Figure 9 shows a comparison of the WRF-AHW simulated radar reflectivity run with the Special Sensor Microwave Imager Sounder (SSMIS) microwave image from the Defense Meteorological Satellite Programs F-16 satellite obtained from the U.S. Naval Research Laboratory. The SSMIS imagery is sensitive to precipitation particles rather than cloud top temperature and as a result has some similarities to a radar image. The simulated WRF-AHW reflectivity is from the 2-km resolution nested grid. These plots show excellent agreement between the WRF reflectivity field and the SSMIS imagery. Note that the WRF simulation correctly resolved the large intense precipitation region north and northwest of the storm center as well as the cyclonically curved rainband structures to the east and southeast of the center of Irene.
Figure 9.
Simulated radar reflectivity from WRF-AHW simulation on the 2-km resolution domain for 28 August 2011, at 1200 UTC (left) and the special sensor microwave imager Sounder (SSMIS) photo (right) for 28 August 2011, at 1136 UTC from the Defense Meteorological Satellite Programs F-16 Satellite (SSMIS image courtesy of the U.S. Naval Research Laboratory).
Figure 9.
Simulated radar reflectivity from WRF-AHW simulation on the 2-km resolution domain for 28 August 2011, at 1200 UTC (left) and the special sensor microwave imager Sounder (SSMIS) photo (right) for 28 August 2011, at 1136 UTC from the Defense Meteorological Satellite Programs F-16 Satellite (SSMIS image courtesy of the U.S. Naval Research Laboratory).

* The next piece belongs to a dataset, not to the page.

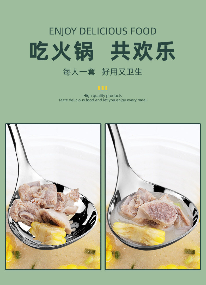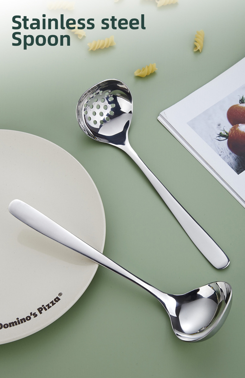 304不锈钢汤勺公用勺加厚加深盛汤大头勺家用火锅勺漏勺套装批发
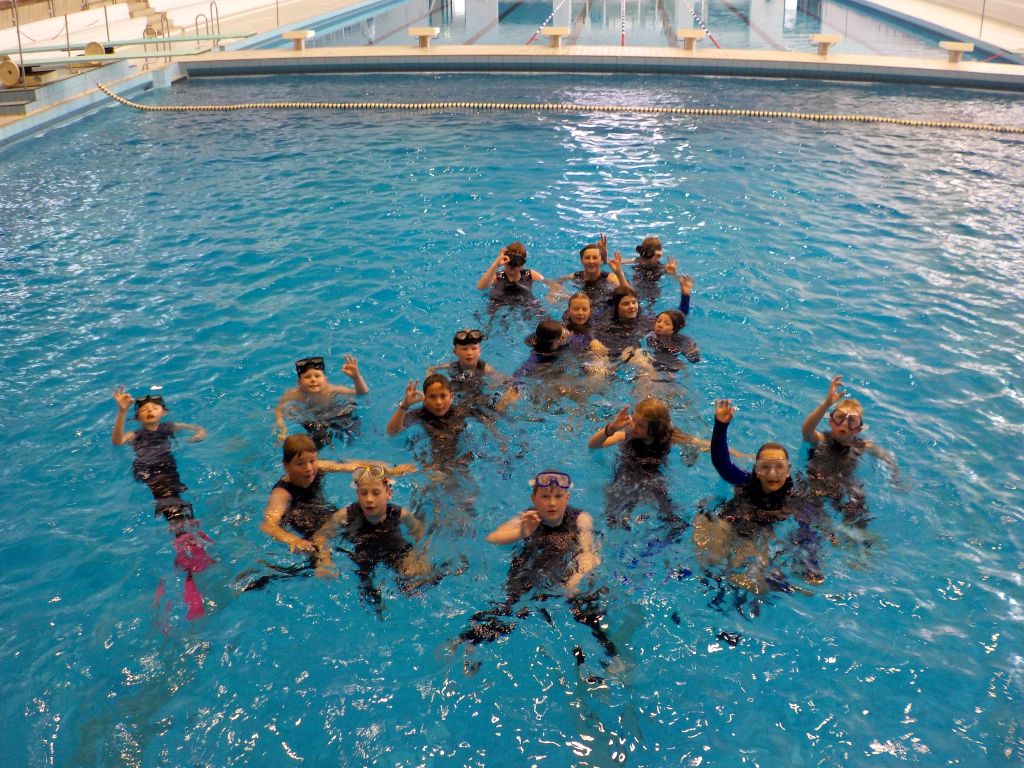 Nach einer kurzen Einweisung aller Kinder und ihrer Eltern am Samstag morgen und der anschließenden Klärung der Voraussetzungen und Formalitäten ging es mit dem ersten der notwendigen Theorieblöcke weiter. Anschließend konnte es endlich ins Wasser gehen. In der Schulschwimmhalle lernten die Kinder den Umgang mit der ABC-Ausrüstung - Flossen, Maske und Schnorchel und absolvierten die Aufgaben für die Schnorchelabzeichen "Otter" und "Robbe" sowie das KTSA. Mit den Aufgaben und etwas Zeit zum Spielen waren die zwei Stunden wie nix verflogen.

The results of both the initial WRF simulations on the 4-km resolution nested domain and the WRF-AHW simulations on the 2-km nested domain suggest that with even modest data assimilation applied to these simulations, the model was able to resolve the detailed structure of the storm, the storm track, and the spatial surface wind field pattern very well.